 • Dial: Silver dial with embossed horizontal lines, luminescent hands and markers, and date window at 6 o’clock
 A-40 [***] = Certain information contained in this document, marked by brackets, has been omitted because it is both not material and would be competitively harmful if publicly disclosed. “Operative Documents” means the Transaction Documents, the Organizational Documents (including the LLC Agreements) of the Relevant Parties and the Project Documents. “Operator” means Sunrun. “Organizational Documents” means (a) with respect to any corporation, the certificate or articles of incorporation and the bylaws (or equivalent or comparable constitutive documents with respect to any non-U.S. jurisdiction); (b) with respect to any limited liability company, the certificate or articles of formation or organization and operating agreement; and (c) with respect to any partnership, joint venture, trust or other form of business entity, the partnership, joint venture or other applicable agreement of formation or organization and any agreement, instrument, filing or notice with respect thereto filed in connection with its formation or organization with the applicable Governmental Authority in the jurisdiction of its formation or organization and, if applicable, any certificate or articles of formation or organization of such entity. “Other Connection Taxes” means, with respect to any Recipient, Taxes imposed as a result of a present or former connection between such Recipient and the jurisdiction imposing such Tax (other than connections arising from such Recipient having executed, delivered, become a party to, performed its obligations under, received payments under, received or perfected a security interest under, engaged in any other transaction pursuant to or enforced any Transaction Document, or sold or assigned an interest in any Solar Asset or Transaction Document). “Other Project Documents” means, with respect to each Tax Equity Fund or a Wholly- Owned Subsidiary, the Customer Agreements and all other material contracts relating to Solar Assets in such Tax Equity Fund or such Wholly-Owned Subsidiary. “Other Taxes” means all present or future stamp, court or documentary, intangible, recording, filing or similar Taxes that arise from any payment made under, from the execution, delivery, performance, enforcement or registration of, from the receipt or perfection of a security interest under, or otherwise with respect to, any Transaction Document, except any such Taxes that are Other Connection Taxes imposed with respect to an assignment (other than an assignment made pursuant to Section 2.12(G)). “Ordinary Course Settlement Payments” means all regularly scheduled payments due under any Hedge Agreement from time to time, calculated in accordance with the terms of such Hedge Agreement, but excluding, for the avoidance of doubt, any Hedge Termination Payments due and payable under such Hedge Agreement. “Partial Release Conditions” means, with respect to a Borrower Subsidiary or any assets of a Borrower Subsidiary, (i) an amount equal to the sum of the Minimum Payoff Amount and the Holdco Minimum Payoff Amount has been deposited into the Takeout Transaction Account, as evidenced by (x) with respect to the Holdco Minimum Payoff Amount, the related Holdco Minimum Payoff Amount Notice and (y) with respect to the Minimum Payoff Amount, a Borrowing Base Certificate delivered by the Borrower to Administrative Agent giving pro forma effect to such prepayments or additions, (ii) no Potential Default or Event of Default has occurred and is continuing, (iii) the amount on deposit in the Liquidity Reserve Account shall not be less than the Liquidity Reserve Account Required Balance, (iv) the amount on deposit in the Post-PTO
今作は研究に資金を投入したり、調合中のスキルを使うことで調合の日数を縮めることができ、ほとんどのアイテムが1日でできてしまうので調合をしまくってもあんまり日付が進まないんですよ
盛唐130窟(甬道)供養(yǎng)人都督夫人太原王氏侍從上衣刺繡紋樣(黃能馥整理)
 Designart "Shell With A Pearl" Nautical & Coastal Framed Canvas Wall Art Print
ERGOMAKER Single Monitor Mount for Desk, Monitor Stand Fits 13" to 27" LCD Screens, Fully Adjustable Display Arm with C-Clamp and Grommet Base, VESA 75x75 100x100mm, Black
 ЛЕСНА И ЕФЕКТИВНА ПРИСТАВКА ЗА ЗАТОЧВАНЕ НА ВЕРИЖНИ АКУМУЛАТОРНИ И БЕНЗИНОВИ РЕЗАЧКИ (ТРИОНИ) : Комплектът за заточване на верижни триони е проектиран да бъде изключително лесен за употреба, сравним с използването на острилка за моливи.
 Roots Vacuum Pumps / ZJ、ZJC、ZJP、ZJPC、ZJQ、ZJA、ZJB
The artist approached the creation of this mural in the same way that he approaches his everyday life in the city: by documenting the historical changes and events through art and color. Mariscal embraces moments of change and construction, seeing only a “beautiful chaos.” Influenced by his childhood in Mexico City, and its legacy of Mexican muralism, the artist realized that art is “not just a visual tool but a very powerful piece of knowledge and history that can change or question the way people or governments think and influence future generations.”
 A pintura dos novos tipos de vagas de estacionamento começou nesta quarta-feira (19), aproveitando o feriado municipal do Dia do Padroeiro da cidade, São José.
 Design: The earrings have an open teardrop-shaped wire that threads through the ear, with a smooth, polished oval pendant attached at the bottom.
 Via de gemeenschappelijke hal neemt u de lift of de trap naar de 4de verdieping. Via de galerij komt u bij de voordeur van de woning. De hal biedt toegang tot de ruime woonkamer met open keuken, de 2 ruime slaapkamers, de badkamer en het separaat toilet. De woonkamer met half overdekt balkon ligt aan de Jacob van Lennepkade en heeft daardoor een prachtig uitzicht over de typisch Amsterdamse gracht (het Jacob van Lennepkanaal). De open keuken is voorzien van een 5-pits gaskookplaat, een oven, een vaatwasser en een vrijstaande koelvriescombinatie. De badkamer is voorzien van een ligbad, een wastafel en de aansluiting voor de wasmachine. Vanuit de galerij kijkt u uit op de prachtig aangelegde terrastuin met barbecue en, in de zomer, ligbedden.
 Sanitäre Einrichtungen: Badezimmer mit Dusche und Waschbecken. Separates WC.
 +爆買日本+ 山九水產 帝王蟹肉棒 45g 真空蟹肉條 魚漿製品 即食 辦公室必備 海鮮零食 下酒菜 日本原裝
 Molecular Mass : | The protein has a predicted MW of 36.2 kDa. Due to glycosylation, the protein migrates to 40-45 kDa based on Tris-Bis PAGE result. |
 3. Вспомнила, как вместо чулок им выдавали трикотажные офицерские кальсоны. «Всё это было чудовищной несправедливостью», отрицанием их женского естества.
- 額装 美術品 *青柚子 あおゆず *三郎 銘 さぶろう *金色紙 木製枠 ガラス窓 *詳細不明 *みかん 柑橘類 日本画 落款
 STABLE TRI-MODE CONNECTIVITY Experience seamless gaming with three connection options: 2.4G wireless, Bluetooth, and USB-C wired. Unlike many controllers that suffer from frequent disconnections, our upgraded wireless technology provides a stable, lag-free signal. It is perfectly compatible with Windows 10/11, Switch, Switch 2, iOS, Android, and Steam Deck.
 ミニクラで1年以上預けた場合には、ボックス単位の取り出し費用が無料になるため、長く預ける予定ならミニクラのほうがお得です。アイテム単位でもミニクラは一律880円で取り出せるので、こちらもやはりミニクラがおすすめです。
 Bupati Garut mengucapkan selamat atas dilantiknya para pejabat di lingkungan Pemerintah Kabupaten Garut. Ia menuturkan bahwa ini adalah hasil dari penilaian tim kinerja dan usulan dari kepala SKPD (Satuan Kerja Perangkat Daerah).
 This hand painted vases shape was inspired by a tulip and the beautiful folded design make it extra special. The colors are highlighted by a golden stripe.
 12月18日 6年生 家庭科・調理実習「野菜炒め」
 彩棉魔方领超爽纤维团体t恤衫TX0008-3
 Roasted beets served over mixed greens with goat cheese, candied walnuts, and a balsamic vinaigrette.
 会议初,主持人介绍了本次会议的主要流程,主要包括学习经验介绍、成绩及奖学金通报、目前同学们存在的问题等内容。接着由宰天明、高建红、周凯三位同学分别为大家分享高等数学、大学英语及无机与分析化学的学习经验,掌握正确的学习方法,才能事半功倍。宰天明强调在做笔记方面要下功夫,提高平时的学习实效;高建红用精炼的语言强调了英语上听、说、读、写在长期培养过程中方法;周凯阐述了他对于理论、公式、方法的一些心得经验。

» **TASK ITEM**: Locate the lines above that hold the word "beautiful". Show every one of them.

» **WORKED SOLUTION**:
The artist approached the creation of this mural in the same way that he approaches his everyday life in the city: by documenting the historical changes and events through art and color. Mariscal embraces moments of change and construction, seeing only a “beautiful chaos.” Influenced by his childhood in Mexico City, and its legacy of Mexican muralism, the artist realized that art is “not just a visual tool but a very powerful piece of knowledge and history that can change or question the way people or governments think and influence future generations.”
 This hand painted vases shape was inspired by a tulip and the beautiful folded design make it extra special. The colors are highlighted by a golden stripe.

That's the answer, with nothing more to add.